There’s a special breed of entitlement that goes with fuckwittery. Because of course we’re apparently expected to put them through school(did that!), run a household in the background while they do nothing “so they can focus on school”(did that!), all for AT BEST a very hollow thank you and then to get chumped and dumped. It’s infuriating.

They’ll get theirs. They always do. Horrors are done on credit.

Stay Mighty!

Dontfeellikedancin
Dontfeellikedancin
10 months ago
Reply to  JeffWashington

“Horrors are done on credit.”

🎯

Velvet Hammer
Velvet Hammer
10 months ago
Reply to  snapoutofit

Just so you know you’re not alone…

Married (I say “miraged”) for twenty years, together for twenty-seven. Full time parent, discarded in my 50’s, and they finalized the purchase of the Dream Condo
three months after the divorce was finalized. This after years of going house shopping and never agreeing to anything we looked at. I now know he was just jerking me and our daughter around. He said he could not live in anything with stairs because of his knees. Everywhere he has lived since he ditched us has stairs. The Dream Condo has three floors.

And….

It’s been seven years this week since I found out my life was not what I thought it was, that he was not who I thought he was.

I now no longer feel that either of them won anything. Turns out she is a sex worker, which is where he probably met her. He still has a stable of side pieces. They opened an illicit Asian massage parlor and escort service, which is currently being investigated by law enforcement. She services johns. I don’t know if they have agreed to be monogamous, but I wouldn’t want to be with either one of them anymore than I would chew gum stuck under a truck stop toilet seat.

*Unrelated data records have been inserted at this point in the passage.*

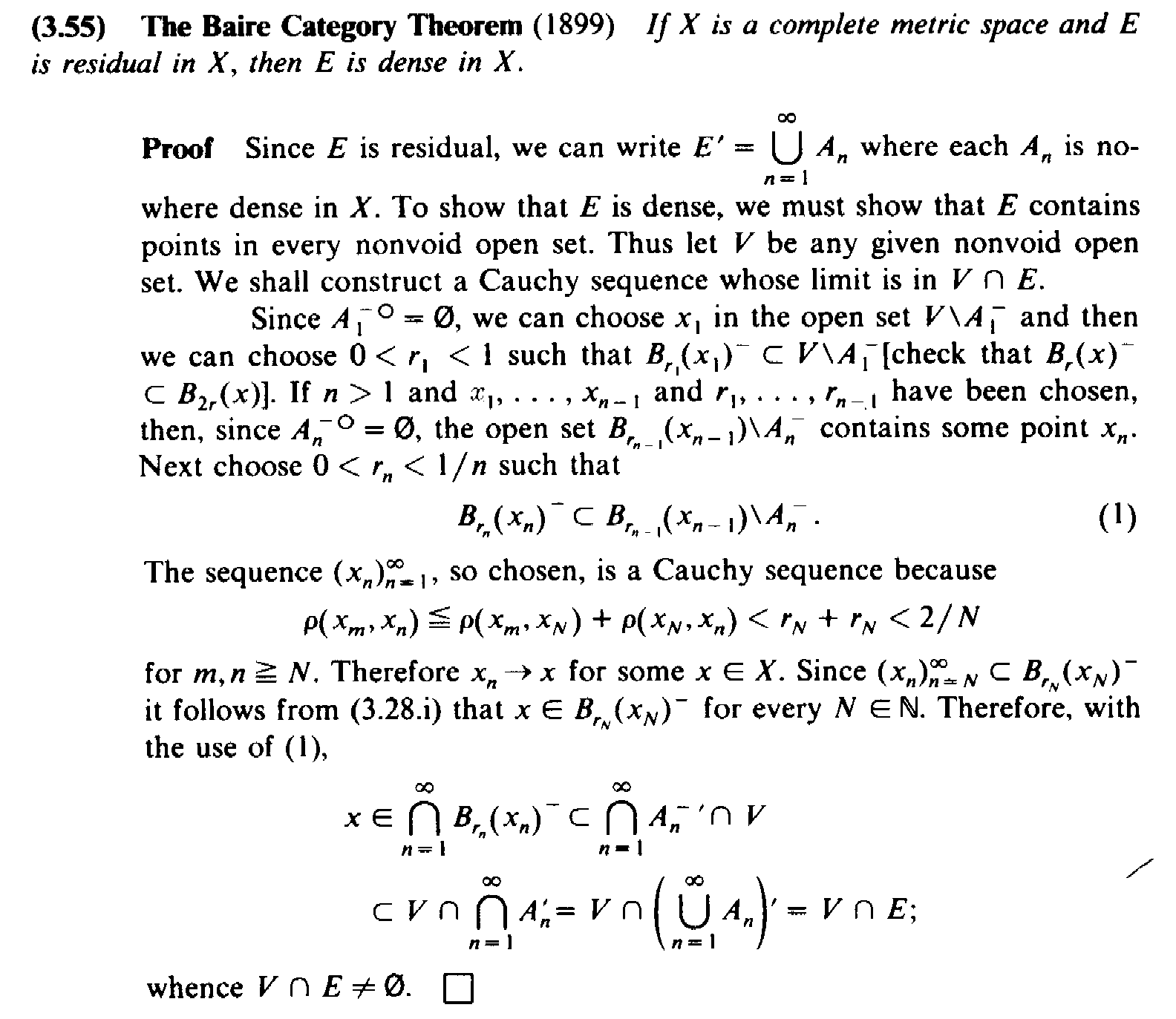 " ... ...Since $$A_1^{ - \ \circ } = \emptyset$$, we can choose $$x_1$$ in the open set $$V$$ \ $$A_1^{ - }$$ and then we can choose $$0 \lt r_1 \lt 1$$ such that $$B_{ r_1 } ( x_1 )^{ - } \subset V$$ \ $$A_1^{ - }$$ [ check that $$B_r (x)^{ - } \subset B_{ 2r } (x) $$ ] ... ...My questions are as follows:Question 1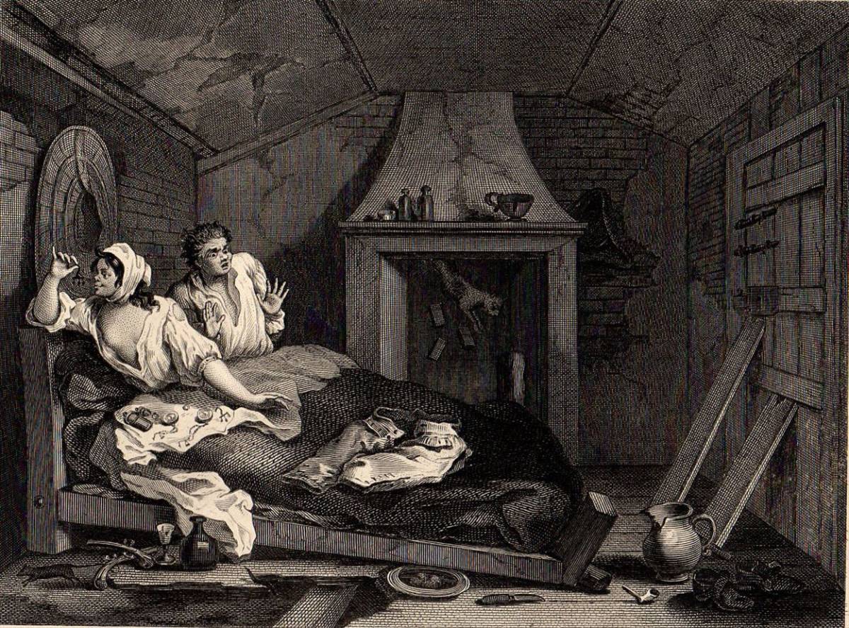 1871年 Hogarth ホガース 鋼版画 勤勉と怠惰7 流刑を終えるや、屋根裏部屋で娼婦と寝る生活に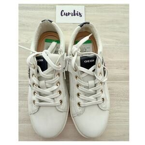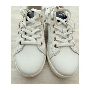 These trendy GEOX Respira sneakers. Designed with a low top shoe shaft style, these casual shoes come in a classic white color with lace and zipper accents. Perfect for adventure time, these sneakers are suitable for various activities such as walking, skateboarding, and even tennis. Made with leather upper and insole material, these shoes ensure comfort and durability. The sneaker is suitable for unisex kids and is available in Size US 2- EU 33 -UK 1. With a designer and sports theme, these shoes are the perfect addition to your child's wardrobe. Get your hands on these GEOX Respira sneakers and let your child step out in style.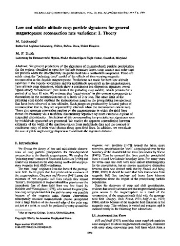 Low and middle altitude cusp particle signatures for general magnetopause reconnection rate variations: 1. Theory.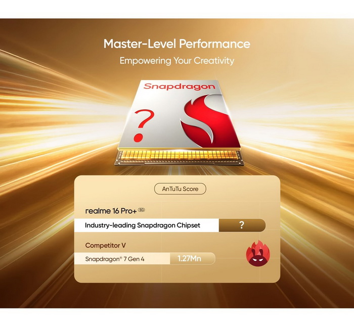 ต่อมาคือชิปประมวลผลของ realme 16 Pro ที่ยืนยันแล้วว่าจะใช้ชิปตระกูล Snapdragon โดยปกติสมาร์ตโฟนซีรีส์นี้มักได้ชิป Snapdragon 7-series แต่ทีเซอร์ล่าสุดระบุว่ารุ่นใหม่นี้จะใช้ชิปที่มีประสิทธิภาพสูงกว่า Snapdragon 7 Gen 4 ซึ่งเป็นชิปของ realme 15 Pro อย่างไรก็ตาม ขณะนี้ยังไม่มีทั้ง Snapdragon 7 Gen 5 หรือ 7+ Gen 4 ทำให้ยังต้องรอลุ้นกันว่าชิป Snapdragon รุ่นใดจะถูกเลือกมาใช้จริง
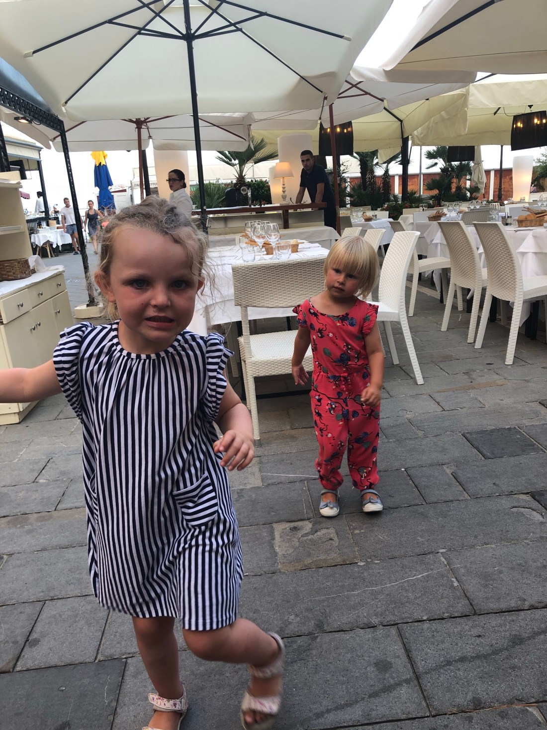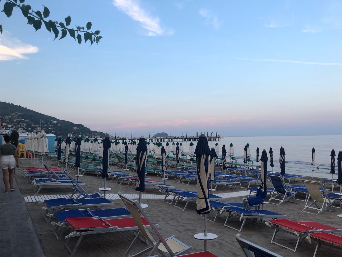 Gårdagskvällens middagsutflykt gick till Alassio, den närmsta större staden vid havet. Med fokus på att det skulle vara roligt för barnen inledde vi med lekplats och karusell. En självklar höjdare😄

When you lie and cheat and betray and otherwise do things you know will hurt someone, you deny yourself access to the best seats in the house that life has to offer, which feel indescribably better than the section they’re in, no matter what it looks like from the outside.

Just do today the best you can. One day at a time, my darling.

XXOO

Velvet Hammer
Velvet Hammer
10 months ago
Reply to  Velvet Hammer

My divorce was final three years ago too. How I feel is not about still loving the cheater or being jealous of the side piece or wanting to still be married to him. Infidelity is an indescribably painful wound that goes to the core and needs periodic cleaning.

❤️

new here old chump
new here old chump
10 months ago
Reply to  Velvet Hammer

great analogy. periodic cleaning…this I will use when I ca’t wish away the pain!

SDC
SDC
10 months ago

I am now cursed with wondering if Uncle Joe would have beaten Orange Man Bad had a bunch of fuckwits not kicked him in the balls.

Dudette
Dudette
10 months ago
Reply to  SDC

Mine is only one opinion, but I believe 100% that Harris gave the country a fighting chance. I think Orange Jesus would have walloped Biden; this is evidenced by OJ’s endless complaints about Harris being the last-minute nominee. OJ, the convicted felon, was scared . . . and similar to 2016, he is shocked that he won.

2xchump
2xchump
10 months ago

Letting go of my 2 cheaters forever and politics for 4 years..no contact in every way possible. That’s all that works to keep me sane. My health is a priority and to live well within my world.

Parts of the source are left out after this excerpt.